#### [Problem to solve]
Everything from the line with "Box-plots synthesizing the" to the line with "A receiver is" in the listing below, both lines included, needs to be copied exactly, apart from the pictures.

#### [Given information]
┌──
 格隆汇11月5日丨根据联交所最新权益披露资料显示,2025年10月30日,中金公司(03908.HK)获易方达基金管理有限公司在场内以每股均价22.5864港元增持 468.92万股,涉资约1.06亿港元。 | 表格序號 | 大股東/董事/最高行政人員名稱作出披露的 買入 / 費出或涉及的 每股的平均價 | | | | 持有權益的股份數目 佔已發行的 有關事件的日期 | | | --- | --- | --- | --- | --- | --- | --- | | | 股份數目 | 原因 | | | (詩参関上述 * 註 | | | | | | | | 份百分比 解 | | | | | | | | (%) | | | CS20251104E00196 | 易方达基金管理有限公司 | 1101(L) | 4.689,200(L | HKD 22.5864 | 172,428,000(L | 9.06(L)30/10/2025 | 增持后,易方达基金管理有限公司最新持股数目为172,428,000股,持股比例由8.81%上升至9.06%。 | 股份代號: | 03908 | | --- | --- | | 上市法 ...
└──
┌──
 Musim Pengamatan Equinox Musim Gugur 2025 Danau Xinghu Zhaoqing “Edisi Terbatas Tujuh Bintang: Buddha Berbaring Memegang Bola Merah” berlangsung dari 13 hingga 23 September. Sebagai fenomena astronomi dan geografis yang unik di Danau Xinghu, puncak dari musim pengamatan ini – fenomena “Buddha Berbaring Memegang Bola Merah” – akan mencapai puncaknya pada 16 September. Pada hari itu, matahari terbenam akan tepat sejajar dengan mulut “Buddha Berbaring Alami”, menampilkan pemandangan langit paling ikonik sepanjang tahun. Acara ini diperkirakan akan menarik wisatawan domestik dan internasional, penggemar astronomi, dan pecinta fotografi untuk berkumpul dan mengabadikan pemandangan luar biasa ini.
└──
┌──
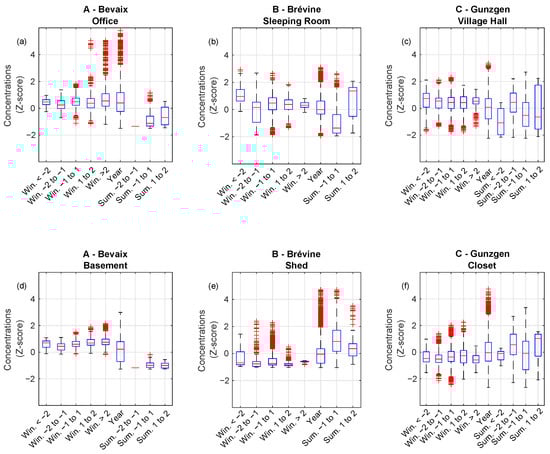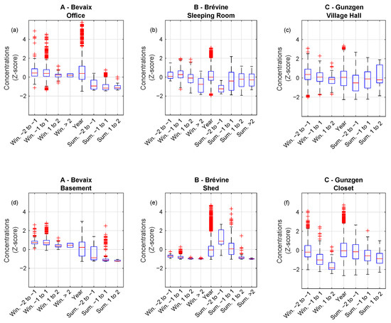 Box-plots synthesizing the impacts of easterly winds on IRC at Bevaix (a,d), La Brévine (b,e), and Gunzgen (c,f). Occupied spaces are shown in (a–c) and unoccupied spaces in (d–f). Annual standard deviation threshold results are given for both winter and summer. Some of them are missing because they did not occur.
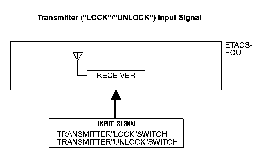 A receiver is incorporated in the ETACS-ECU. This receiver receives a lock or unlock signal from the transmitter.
└──
#### [Expected output]
 Box-plots synthesizing the impacts of easterly winds on IRC at Bevaix (a,d), La Brévine (b,e), and Gunzgen (c,f). Occupied spaces are shown in (a–c) and unoccupied spaces in (d–f). Annual standard deviation threshold results are given for both winter and summer. Some of them are missing because they did not occur.
 A receiver is incorporated in the ETACS-ECU. This receiver receives a lock or unlock signal from the transmitter.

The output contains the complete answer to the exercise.